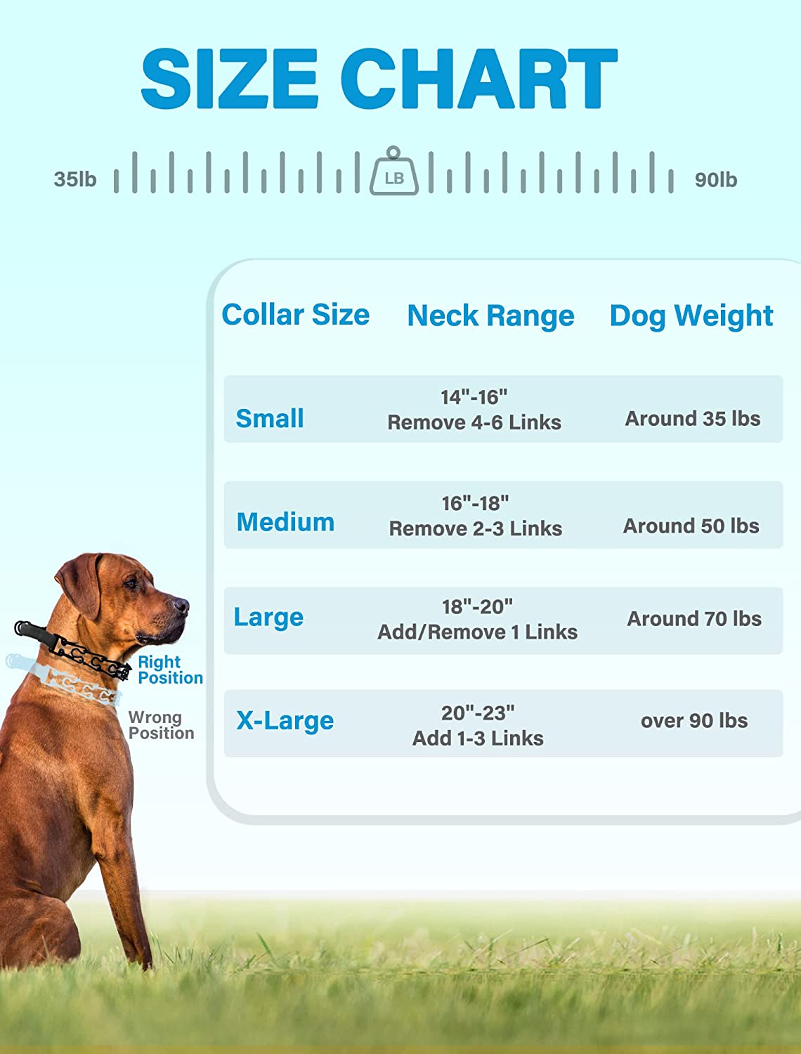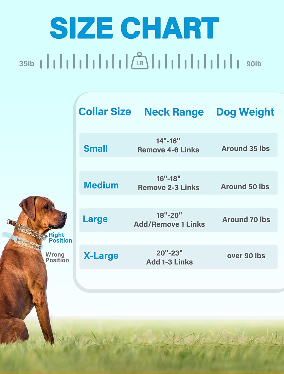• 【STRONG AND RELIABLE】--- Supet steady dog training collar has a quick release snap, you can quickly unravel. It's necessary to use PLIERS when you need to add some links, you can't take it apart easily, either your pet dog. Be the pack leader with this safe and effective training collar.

*-*-*

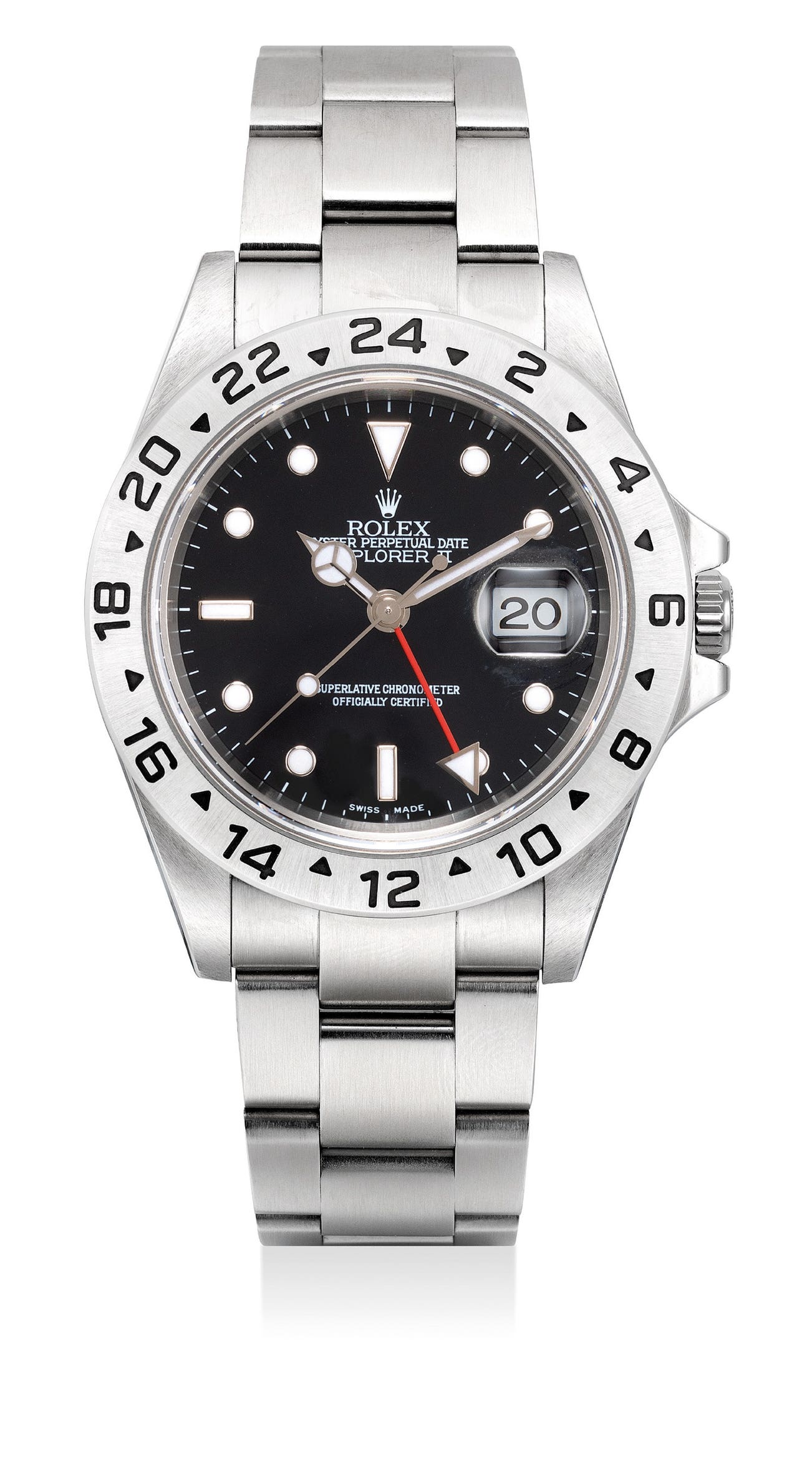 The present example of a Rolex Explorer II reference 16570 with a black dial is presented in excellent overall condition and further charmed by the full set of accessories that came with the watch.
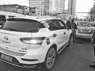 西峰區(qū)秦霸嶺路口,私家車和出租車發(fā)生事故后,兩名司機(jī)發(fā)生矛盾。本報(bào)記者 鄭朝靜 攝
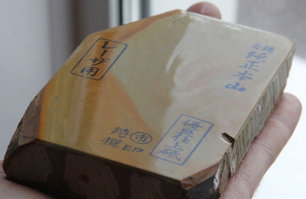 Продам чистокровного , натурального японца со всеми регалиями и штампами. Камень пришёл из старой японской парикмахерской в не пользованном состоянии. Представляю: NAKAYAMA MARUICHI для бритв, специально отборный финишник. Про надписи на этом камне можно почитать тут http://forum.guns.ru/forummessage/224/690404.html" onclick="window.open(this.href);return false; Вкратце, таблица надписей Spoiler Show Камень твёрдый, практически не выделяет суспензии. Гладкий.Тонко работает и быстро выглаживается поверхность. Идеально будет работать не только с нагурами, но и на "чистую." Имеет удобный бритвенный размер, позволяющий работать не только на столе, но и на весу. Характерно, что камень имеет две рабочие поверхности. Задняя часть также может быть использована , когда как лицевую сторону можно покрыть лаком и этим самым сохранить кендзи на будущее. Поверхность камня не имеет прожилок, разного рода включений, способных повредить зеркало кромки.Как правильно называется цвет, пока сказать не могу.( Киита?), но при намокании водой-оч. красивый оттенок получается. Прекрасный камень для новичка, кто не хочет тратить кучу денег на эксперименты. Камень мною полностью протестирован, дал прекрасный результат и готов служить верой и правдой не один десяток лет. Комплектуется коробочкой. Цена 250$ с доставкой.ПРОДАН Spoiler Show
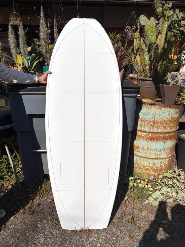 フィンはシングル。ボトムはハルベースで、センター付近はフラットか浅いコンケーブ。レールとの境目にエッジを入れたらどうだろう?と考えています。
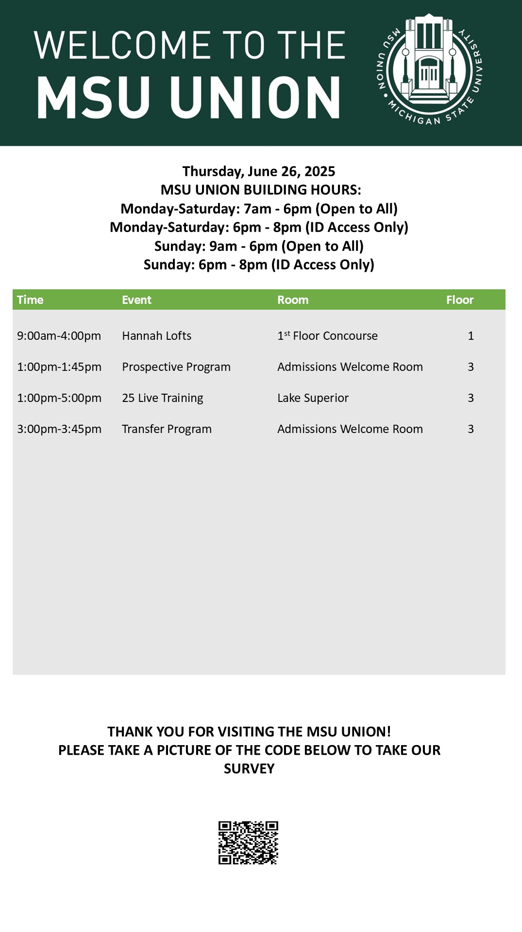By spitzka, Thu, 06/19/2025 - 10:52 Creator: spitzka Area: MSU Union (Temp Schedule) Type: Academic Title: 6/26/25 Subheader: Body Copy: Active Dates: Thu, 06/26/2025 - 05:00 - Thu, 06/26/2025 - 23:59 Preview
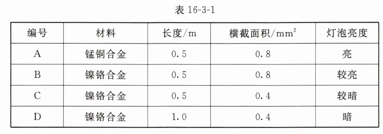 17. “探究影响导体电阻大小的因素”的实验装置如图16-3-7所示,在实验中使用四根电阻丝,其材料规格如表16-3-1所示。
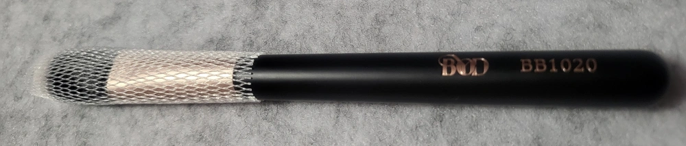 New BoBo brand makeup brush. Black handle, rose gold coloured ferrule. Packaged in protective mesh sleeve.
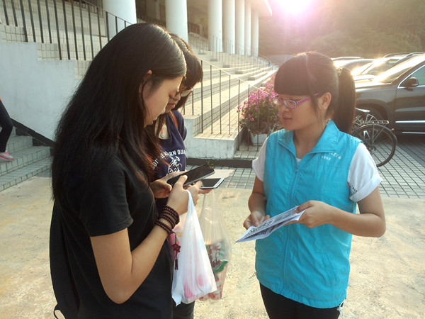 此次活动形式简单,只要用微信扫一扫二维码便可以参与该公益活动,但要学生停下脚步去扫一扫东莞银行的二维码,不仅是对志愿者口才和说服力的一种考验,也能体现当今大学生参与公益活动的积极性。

*-*-*

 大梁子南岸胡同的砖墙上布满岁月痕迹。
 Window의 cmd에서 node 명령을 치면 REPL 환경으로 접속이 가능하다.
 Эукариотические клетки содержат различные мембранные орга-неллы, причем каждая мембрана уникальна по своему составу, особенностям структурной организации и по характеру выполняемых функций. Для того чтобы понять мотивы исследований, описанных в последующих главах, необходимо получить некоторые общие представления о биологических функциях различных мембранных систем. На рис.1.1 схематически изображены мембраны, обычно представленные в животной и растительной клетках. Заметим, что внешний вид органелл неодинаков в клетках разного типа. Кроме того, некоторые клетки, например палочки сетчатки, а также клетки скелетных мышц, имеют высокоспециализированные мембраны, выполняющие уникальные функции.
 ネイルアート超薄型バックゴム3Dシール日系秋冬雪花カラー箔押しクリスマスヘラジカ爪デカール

*-*-*

Line for line, output the entries above from the line with "The present example" to the line with "西峰區(qū)秦霸嶺路口,私家車和出租車發(fā)生事故后,兩名司機(jī)發(fā)生矛盾。本報(bào)記者 鄭朝靜 攝", both included, and nothing more. Skip pictures.

Response area:
 The present example of a Rolex Explorer II reference 16570 with a black dial is presented in excellent overall condition and further charmed by the full set of accessories that came with the watch.
 西峰區(qū)秦霸嶺路口,私家車和出租車發(fā)生事故后,兩名司機(jī)發(fā)生矛盾。本報(bào)記者 鄭朝靜 攝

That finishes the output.